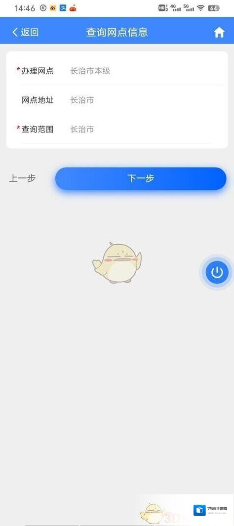 6、确认好办理网点、网点位置以及查询范围,点击下一步;
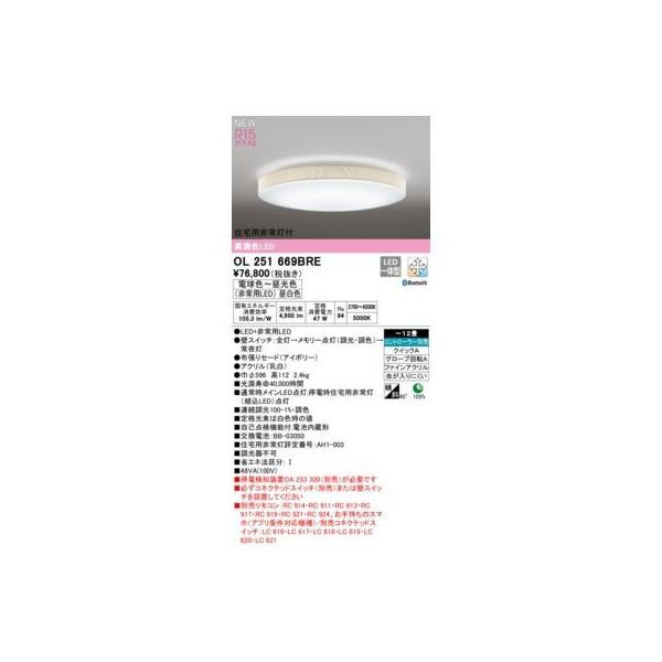 オーデリックメーカーお問い合わせ:03-3332-1123【商品説明】消費電力47W Ra94 ●LED+非常用LED ●壁スイッチ:全灯→メモリー点灯(調光・調色)→常夜灯 ●張りセード(アイボリー)●アクリル(乳白) ●巾φ596 高112 2.4kg ●光源寿命40,000時間 ●通常時メインLED点灯,停電時住宅用非常灯(組込LED)点灯 ●連続調光100-1%・調色 ●定格光束は白色時の値 ●自己点検機能付,電池内蔵形 ●交換電池:BB-03050 ●住宅用非常灯評定番号:AH1-003 ●調光器不可 ●停電検知装置OA 253 300(別売)が必要です ●必ずコネクテッドスイッチ(別売)または壁スイッチを設置してください ●リモコン別売:別売BT調光・調色リモコン居室CL用+別売コネクテッドスイッチ ~12畳 リモコン別売 クイックA グローブ回転A ファインアクリル 虫が入りにくい 105% 45° 省エネ達成率 傾斜天井対応 その他
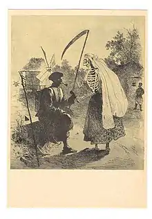 Также существует сюжет о путешествии солдата на «тот свет». Поднявшись на лестнице, он оказывается в раю, но привратники Святые Петр и Павел его отправляют обратно. В Аду он встречает бесов[9].
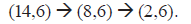En este punto el procedimiento termina pues ya hemos llegado a 0. Así, puesto que hemos hecho primero dos restas y luego tres, la antifairesis de 14 y 6 sería la sucesión (finita) {2,3}.
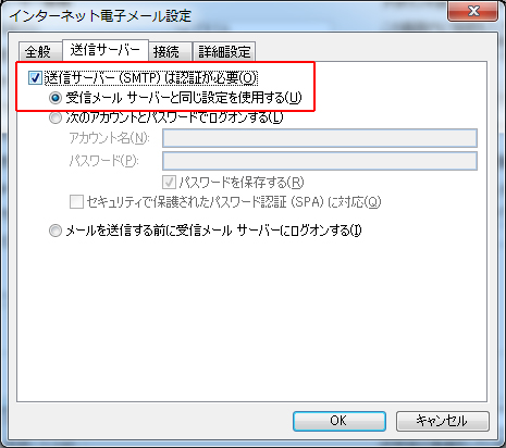 メール サーバーへのログオン情報
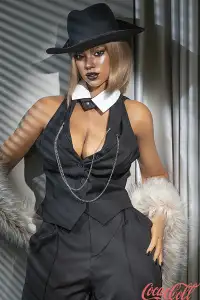 With her sleek short blonde hair, intense smoky eyes, bold lips, and confident demeanor, Tyra radiates powerful allure. Standing at 164cm with generous E-cup curves and an hourglass silhouette, this curvy realistic sex doll is dressed in sophisticated black attire with fur trims and chains that accentuate her dark tanned skin and striking presence. Warm, supple, and expertly crafted, she delivers immersive realism in every bold line and soft contour.
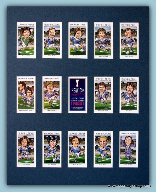 Ipswich Town, A Tribute to the UEFA Cup Winners of 1980/81. Mounted card set of beautifully illustrated caricatures. presented fixed in blue mount with backing board. Players featured are; Paul Cooper, Mick Mills, Russell Osman, Terry Butcher, Steve McCall, O'Callaghan & Burley, Frans Thijssen, Arnold Muhren, John Wark, Eric Gates, Paul Mariner, Kevin Beattie, Alan Brazil and Bobby Robson. Rear of cards not viewable. Made to fit straight into 14 x 11 inch frame.Want It Framing? If so, add this to your basket, then go to the Frames Available Category, Click to add the frame of your choice. We will then assemble and post the set to you. Other teams available.

------------------------------

- Task instructions
Your answer must be every record above, word for word, with no pictures.

- Exercise output
 6、确认好办理网点、网点位置以及查询范围,点击下一步;
 オーデリックメーカーお問い合わせ:03-3332-1123【商品説明】消費電力47W Ra94 ●LED+非常用LED ●壁スイッチ:全灯→メモリー点灯(調光・調色)→常夜灯 ●張りセード(アイボリー)●アクリル(乳白) ●巾φ596 高112 2.4kg ●光源寿命40,000時間 ●通常時メインLED点灯,停電時住宅用非常灯(組込LED)点灯 ●連続調光100-1%・調色 ●定格光束は白色時の値 ●自己点検機能付,電池内蔵形 ●交換電池:BB-03050 ●住宅用非常灯評定番号:AH1-003 ●調光器不可 ●停電検知装置OA 253 300(別売)が必要です ●必ずコネクテッドスイッチ(別売)または壁スイッチを設置してください ●リモコン別売:別売BT調光・調色リモコン居室CL用+別売コネクテッドスイッチ ~12畳 リモコン別売 クイックA グローブ回転A ファインアクリル 虫が入りにくい 105% 45° 省エネ達成率 傾斜天井対応 その他
 Также существует сюжет о путешествии солдата на «тот свет». Поднявшись на лестнице, он оказывается в раю, но привратники Святые Петр и Павел его отправляют обратно. В Аду он встречает бесов[9].
En este punto el procedimiento termina pues ya hemos llegado a 0. Así, puesto que hemos hecho primero dos restas y luego tres, la antifairesis de 14 y 6 sería la sucesión (finita) {2,3}.
 メール サーバーへのログオン情報
 With her sleek short blonde hair, intense smoky eyes, bold lips, and confident demeanor, Tyra radiates powerful allure. Standing at 164cm with generous E-cup curves and an hourglass silhouette, this curvy realistic sex doll is dressed in sophisticated black attire with fur trims and chains that accentuate her dark tanned skin and striking presence. Warm, supple, and expertly crafted, she delivers immersive realism in every bold line and soft contour.
 Ipswich Town, A Tribute to the UEFA Cup Winners of 1980/81. Mounted card set of beautifully illustrated caricatures. presented fixed in blue mount with backing board. Players featured are; Paul Cooper, Mick Mills, Russell Osman, Terry Butcher, Steve McCall, O'Callaghan & Burley, Frans Thijssen, Arnold Muhren, John Wark, Eric Gates, Paul Mariner, Kevin Beattie, Alan Brazil and Bobby Robson. Rear of cards not viewable. Made to fit straight into 14 x 11 inch frame.Want It Framing? If so, add this to your basket, then go to the Frames Available Category, Click to add the frame of your choice. We will then assemble and post the set to you. Other teams available.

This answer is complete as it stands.